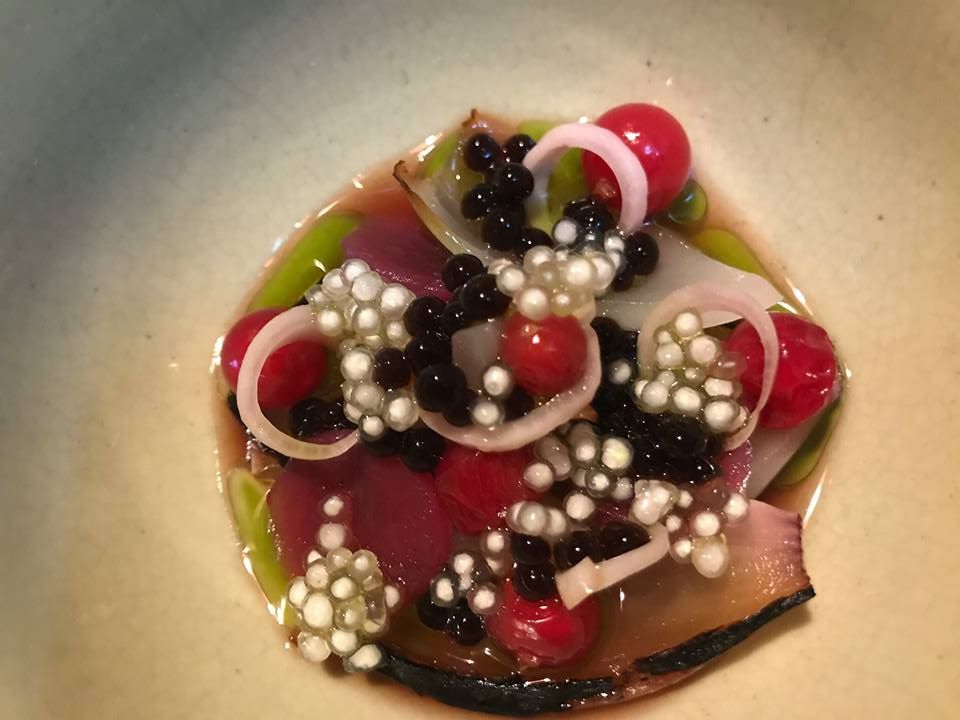Abbiamo scelto il menu degustazione da dieci portate a cento euro. Ed è una esperienza incredibile, che sinora abbiamo avuto modo di fare poche volte in Italia. Faccio outing? Solo da Massimo Bottura e da Mauro Uliassi. Si tratta di una vera e propria sinfonia che apre e chiude con i fuochi di artificio, aperitivo e piccola pasticceria, nella quale i bocconi non sono meno importanti della presentazione. Un solo spartito in cui ogni portata recita un ruolo preciso, non una accozzaglia di proposte. Non c’è ideologia, dicevamo, ma aggiornamento: il vegetale è vegetale, le fermentazioni tanto di moda non sono esibite ma funzionali al progetto del piatto, il rispetto per l’animale è servirlo intero al cliente e non solo nella sua parte più facile, quella che i mediocri omologati comprano bella e imbustata dalle aziende di lusso.
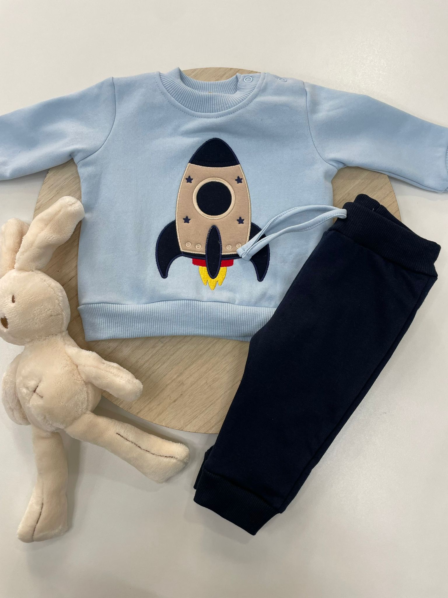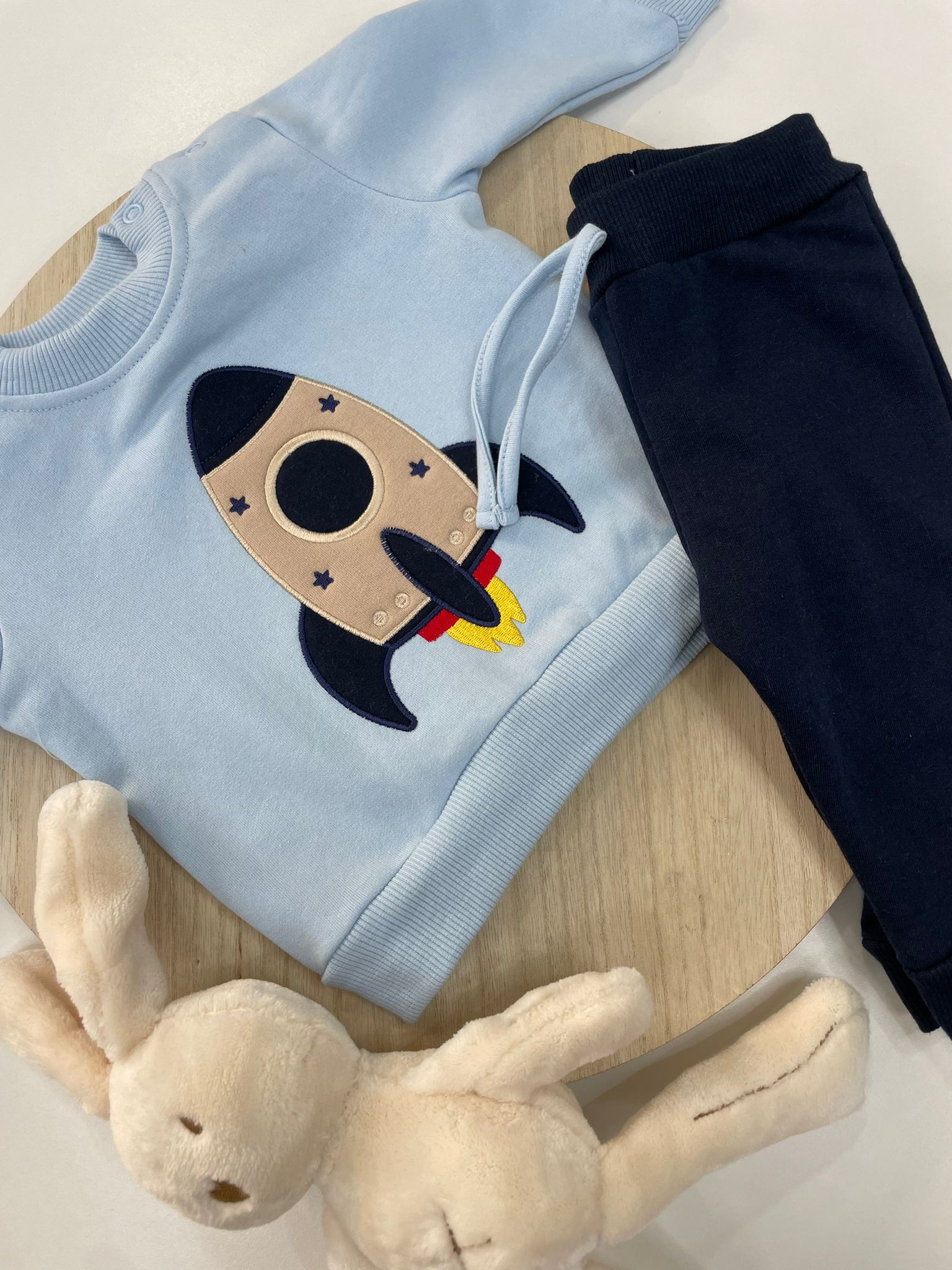 Chándal bebé niño celeste con dibujo de cohete 🚀 interior calentito | 6-48M
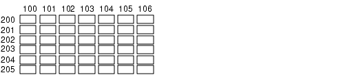 2 次元の矩形配列の断面の例を示します。ここでは、刻み値が省略され、デフォルト値の 1 が使用されます。
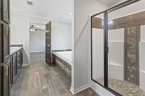 - Bathtub, Beamed Ceilings, Built-In Features, Ceiling Fan(s), Formica Counters, Kitchen Island, Kitchenopentofamilyroom, Open Floorplan, Pantry, Shower, Shower in Tub
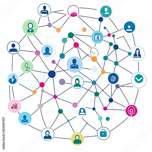 Network graph showing interconnected nodes representing people and data.
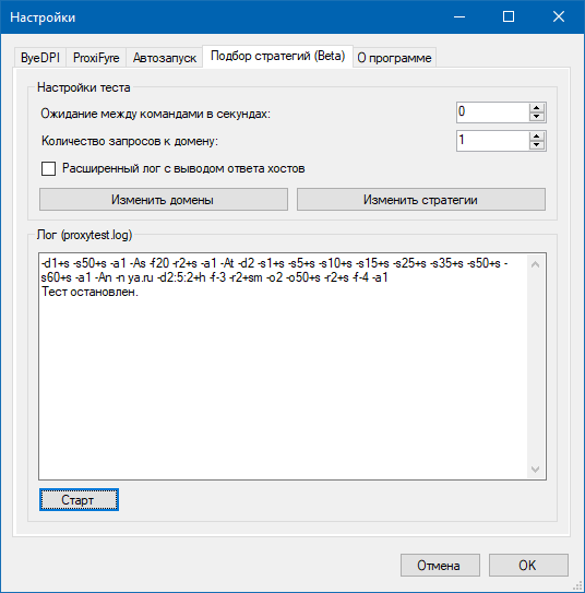 - Вернитесь на вкладку "ByeDPI"
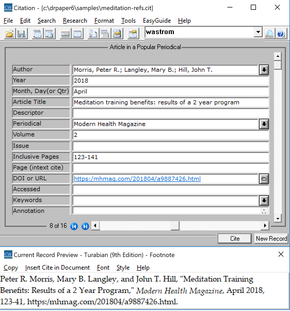 Citation will display the record in the Edit Panel as an in-text
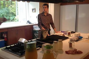 On Friday, October 10, several dozen French Club members gathered at the Rockafield Alumni Center to try their hand at cheese-making. Led by French Instructor Benjamin Hirt, the students learned how to make mozzarella cheese and caramel cream with Ben's own goat milk. A tasting followed allowing students, staff and visitors to try these products for the first time!
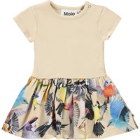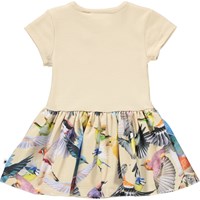 Catja ist ein hellgelbes zweiteiliges Babykleid mit kurzen Ärmeln und einem Rock mit Vogelaufdruck.
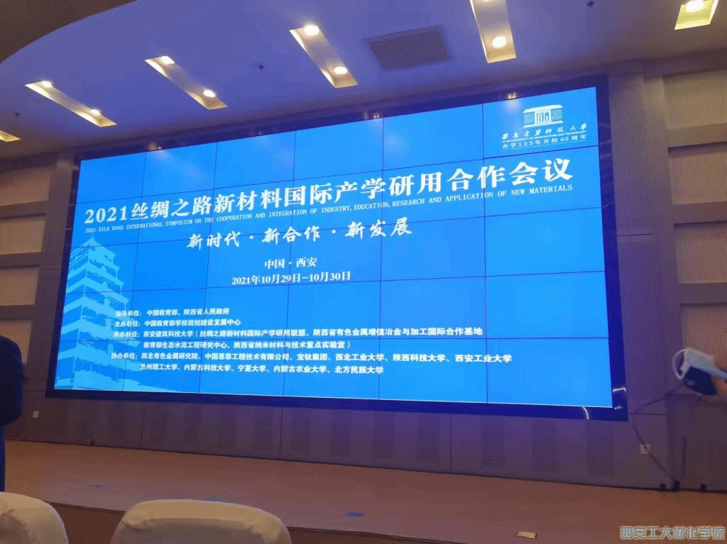 2021年10月29日至30日,由教育部、陕西省人民政府指导,教育部学校规划建设发展中心主办,西安建筑科技大学承办,西北有色金属研究院和西安工业大学等高校协办的2021丝绸之路新材料国际产学研用合作会议在西安开幕。西安科技大学党委书记朱晓渭、陕西省教育厅巡视员罗侃淳、大会主席余艾冰出席并致辞。来自中国、澳大利亚、德国、美国、新加坡、日本、巴基斯坦等国家的院士、专家、学者通过线上和线下方式参加。聚焦丝绸之路国际产学研用合作交流。
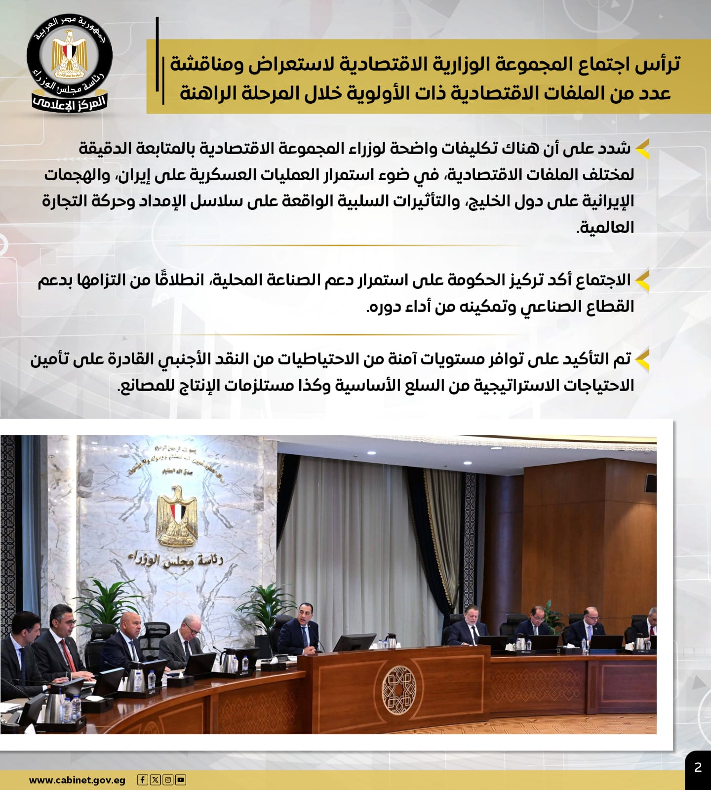 كما ترأس اجتماع المجموعة الوزارية الاقتصادية لاستعراض ومناقشة عدد من الملفات الاقتصادية ذات الأولوية خلال المرحلة الراهنة، وشدد على أن هناك تكليفات واضحة لوزراء المجموعة الاقتصادية بالمتابعة الدقيقة لمختلف الملفات الاقتصادية، في ضوء استمرار العمليات العسكرية على إيران، والهجمات الإيرانية على دول الخليج، والتأثيرات السلبية الواقعة على سلاسل الإمداد وحركة التجارة العالمية.
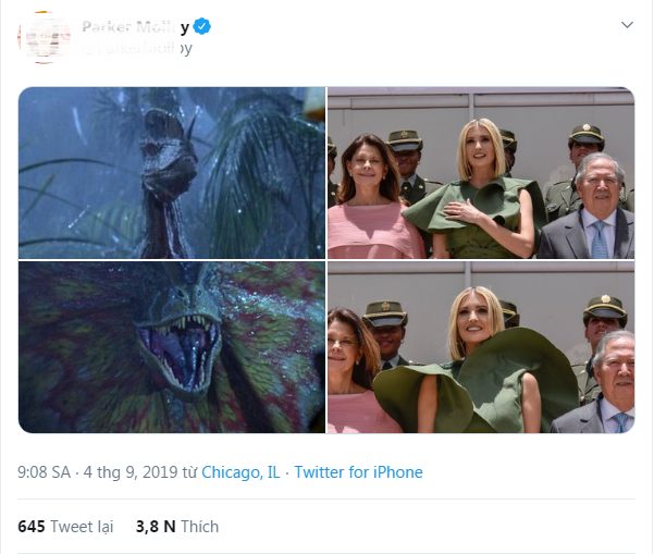 Hãng Johanna Ortiz luôn được khen ngợi với những mẫu váy nữ tính và rất thanh lịch. Các nếp gấp cầu kỳ cùng bèo nhún là điểm đặc trưng, cũng là điểm khiến khách hàng yêu thích các thiết kế của hãng. Nhưng sự cố ‘gió cuốn thôi bay’ của Ivanka đã khiến công chúng so sánh chiếc váy xinh xắn với nhiều hình ảnh ‘hú hồn’ như khủng long bay, bạch tuộc xòe xúc tu, tắc kè bông…
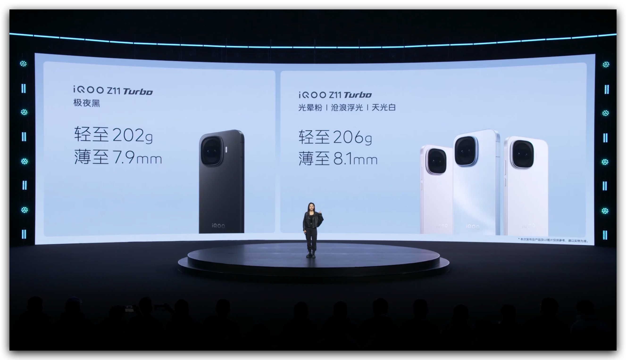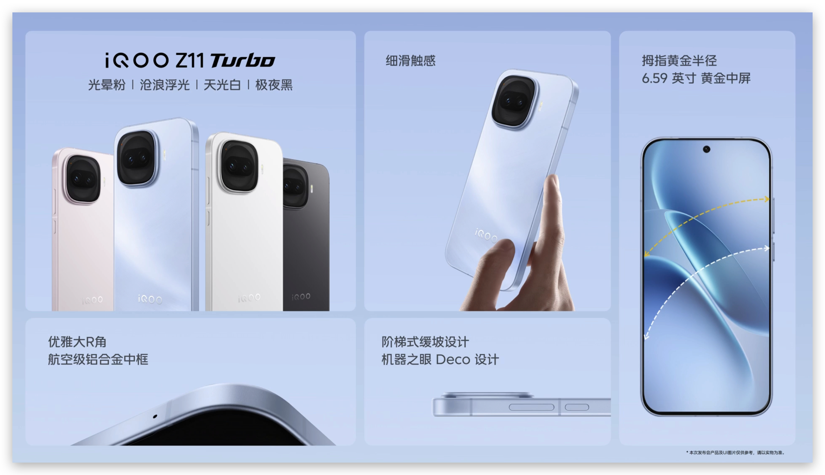iQOO Z11 Turbo 来啦!拥有蓝色、白色、粉色、黑色四款配色,金属中框设计,全新的Deco设计,6.59英寸,机身宽度74.42mm,握持感提升非常大。整机重202g,厚7.9mm。这个外观颜值是你们的菜吗?
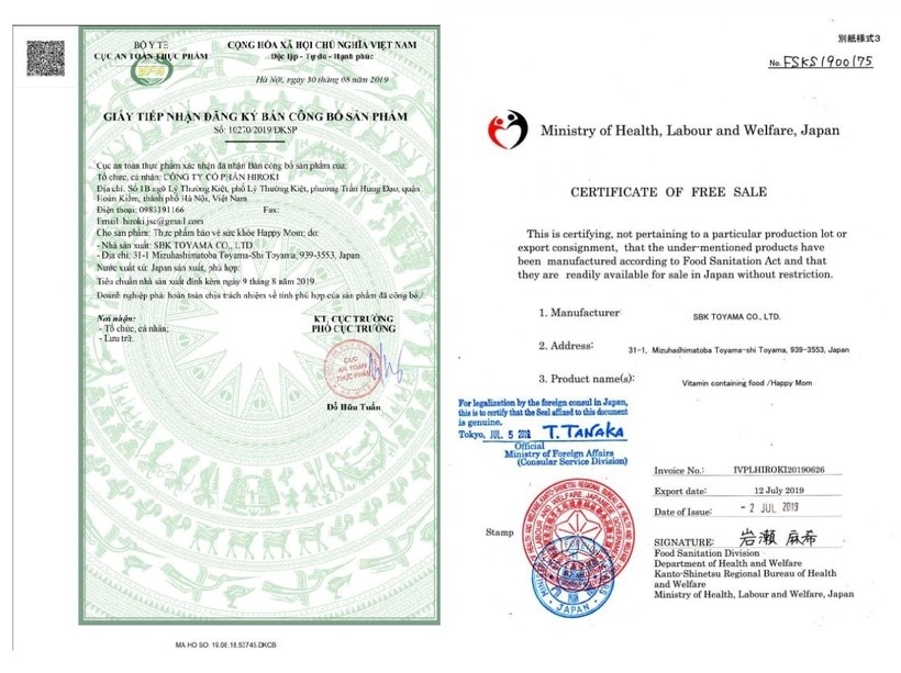 Theo đó, sản phẩm “Thực phẩm bảo vệ sức khỏe Happy Mom” đang được kinh doanh tại hệ thống là hàng hóa chính hãng, đã được Cục An toàn thực phẩm (Bộ Y tế) cấp giấy tiếp nhận công bố, đồng thời có xác nhận tiêu chuẩn chất lượng từ cơ quan y tế Nhật Bản – nơi sản phẩm được sản xuất.

::::

Work request:
Take every record and copy it word for word, dropping the pictures.

Answer for the task:
Abbiamo scelto il menu degustazione da dieci portate a cento euro. Ed è una esperienza incredibile, che sinora abbiamo avuto modo di fare poche volte in Italia. Faccio outing? Solo da Massimo Bottura e da Mauro Uliassi. Si tratta di una vera e propria sinfonia che apre e chiude con i fuochi di artificio, aperitivo e piccola pasticceria, nella quale i bocconi non sono meno importanti della presentazione. Un solo spartito in cui ogni portata recita un ruolo preciso, non una accozzaglia di proposte. Non c’è ideologia, dicevamo, ma aggiornamento: il vegetale è vegetale, le fermentazioni tanto di moda non sono esibite ma funzionali al progetto del piatto, il rispetto per l’animale è servirlo intero al cliente e non solo nella sua parte più facile, quella che i mediocri omologati comprano bella e imbustata dalle aziende di lusso.
 Chándal bebé niño celeste con dibujo de cohete 🚀 interior calentito | 6-48M
 2 次元の矩形配列の断面の例を示します。ここでは、刻み値が省略され、デフォルト値の 1 が使用されます。
 - Bathtub, Beamed Ceilings, Built-In Features, Ceiling Fan(s), Formica Counters, Kitchen Island, Kitchenopentofamilyroom, Open Floorplan, Pantry, Shower, Shower in Tub
 Network graph showing interconnected nodes representing people and data.
 - Вернитесь на вкладку "ByeDPI"
 Citation will display the record in the Edit Panel as an in-text
 On Friday, October 10, several dozen French Club members gathered at the Rockafield Alumni Center to try their hand at cheese-making. Led by French Instructor Benjamin Hirt, the students learned how to make mozzarella cheese and caramel cream with Ben's own goat milk. A tasting followed allowing students, staff and visitors to try these products for the first time!
 Catja ist ein hellgelbes zweiteiliges Babykleid mit kurzen Ärmeln und einem Rock mit Vogelaufdruck.
 2021年10月29日至30日,由教育部、陕西省人民政府指导,教育部学校规划建设发展中心主办,西安建筑科技大学承办,西北有色金属研究院和西安工业大学等高校协办的2021丝绸之路新材料国际产学研用合作会议在西安开幕。西安科技大学党委书记朱晓渭、陕西省教育厅巡视员罗侃淳、大会主席余艾冰出席并致辞。来自中国、澳大利亚、德国、美国、新加坡、日本、巴基斯坦等国家的院士、专家、学者通过线上和线下方式参加。聚焦丝绸之路国际产学研用合作交流。
 كما ترأس اجتماع المجموعة الوزارية الاقتصادية لاستعراض ومناقشة عدد من الملفات الاقتصادية ذات الأولوية خلال المرحلة الراهنة، وشدد على أن هناك تكليفات واضحة لوزراء المجموعة الاقتصادية بالمتابعة الدقيقة لمختلف الملفات الاقتصادية، في ضوء استمرار العمليات العسكرية على إيران، والهجمات الإيرانية على دول الخليج، والتأثيرات السلبية الواقعة على سلاسل الإمداد وحركة التجارة العالمية.
 Hãng Johanna Ortiz luôn được khen ngợi với những mẫu váy nữ tính và rất thanh lịch. Các nếp gấp cầu kỳ cùng bèo nhún là điểm đặc trưng, cũng là điểm khiến khách hàng yêu thích các thiết kế của hãng. Nhưng sự cố ‘gió cuốn thôi bay’ của Ivanka đã khiến công chúng so sánh chiếc váy xinh xắn với nhiều hình ảnh ‘hú hồn’ như khủng long bay, bạch tuộc xòe xúc tu, tắc kè bông…
iQOO Z11 Turbo 来啦!拥有蓝色、白色、粉色、黑色四款配色,金属中框设计,全新的Deco设计,6.59英寸,机身宽度74.42mm,握持感提升非常大。整机重202g,厚7.9mm。这个外观颜值是你们的菜吗?
 Theo đó, sản phẩm “Thực phẩm bảo vệ sức khỏe Happy Mom” đang được kinh doanh tại hệ thống là hàng hóa chính hãng, đã được Cục An toàn thực phẩm (Bộ Y tế) cấp giấy tiếp nhận công bố, đồng thời có xác nhận tiêu chuẩn chất lượng từ cơ quan y tế Nhật Bản – nơi sản phẩm được sản xuất.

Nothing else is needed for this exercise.